ロンドン・スナップの歴史がここに 写真家・故斎藤久美が撮影した18年間の集大成を写真集として発売

 ロンドン在住のフォトグラファーで2020年に他界した斎藤久美の写真集シリーズ第1弾「HAVE I MET YOU BEFORE? LONDON STREET STYLE FROM FASHION WEEK 2001-2018」が11月23日に発売される。2001年から18年の間に撮影したエディター、モデル、バイヤー、ブロガー、インフルエンサーなど、ロンドン・ファッション・ウイークに集まるファッション・アイコンのスナップ写真が当時チームを組んで一緒に取材をしたジャーナリストたちのコメントと共に収録されている。発行はパースニップス・アーカイブ(英)で、編集はファッションジャーナリストの若月美奈が手掛けている。英語による出版で日本では洋書扱いになるが、前書きやコメントの日本語訳を挟み込む予定だ。184ページの構成で価格は2680円(税込)。THE SHE(theshetheshe.com)、ヴァルカナイズ・ロンドン(VULCANIZE LONDON)青山、銀座、名古屋他で販売する。

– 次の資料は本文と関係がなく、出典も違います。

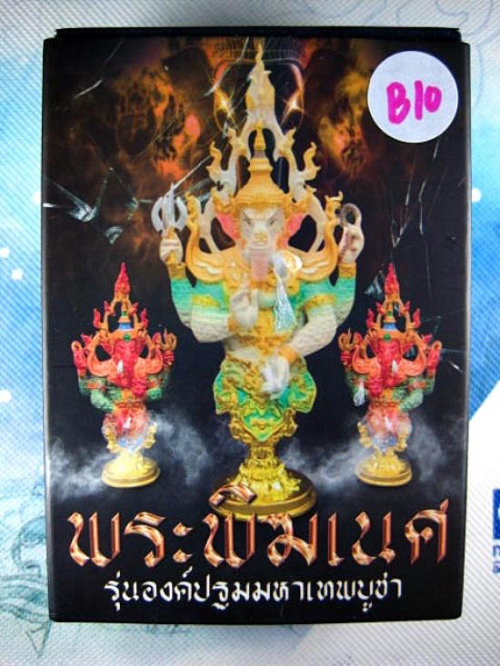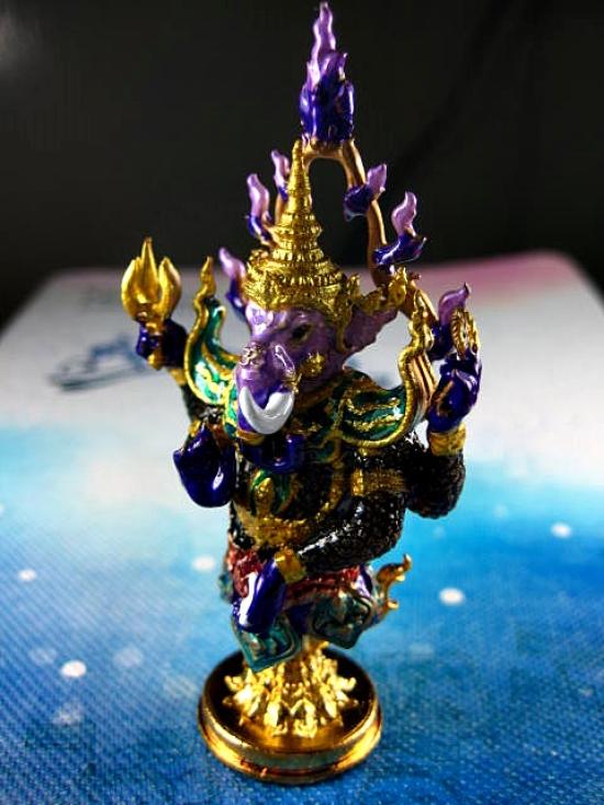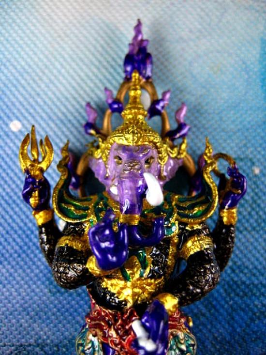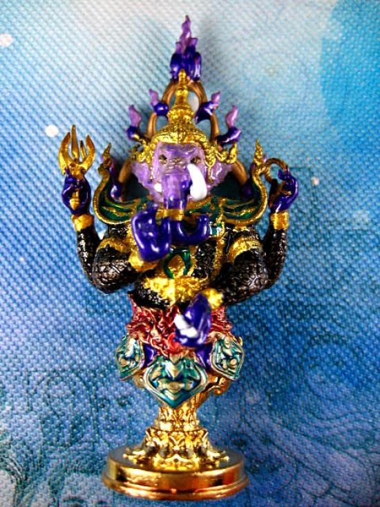 พระพิฆเนศ รุ่่นองค์ปฐมมหาเทพบูชา องค์ตั้งถอดประกอบ 2 ชิ้น เนื้อทองชนวน ลงยาม่วง ชนาดฐาน 1 นิ้ว สูง 2.5 นิ้ว สวยมาก งานพุทธศิลป์ จัดสร้างโดย พญาพรานซุ้มพญา (---B10---) |

 タイトルの「HAVE I MET YOU BEFORE?(以前にもお会いしましたよね?) 」は、斎藤氏がロンドン・ファッション・ウイークのショー会場で出入りするおしゃれな人を撮影する際に幾度となく交わした言葉だ。コレクション会場を足速に移動する人たちにレンズを向けるとその人たちが以前撮影されたことに気づき、そのように話しかけてきたり、逆に撮影したものの、どこの誰だか思い出せない場合は、その言葉で切り出すと「Ah yes, I remember you!(もちろん知ってるわ)」と嬉しそうに微笑み、会話が弾んだりする。斎藤氏は生前、このタイトルの写真展の開催を望んでいたという。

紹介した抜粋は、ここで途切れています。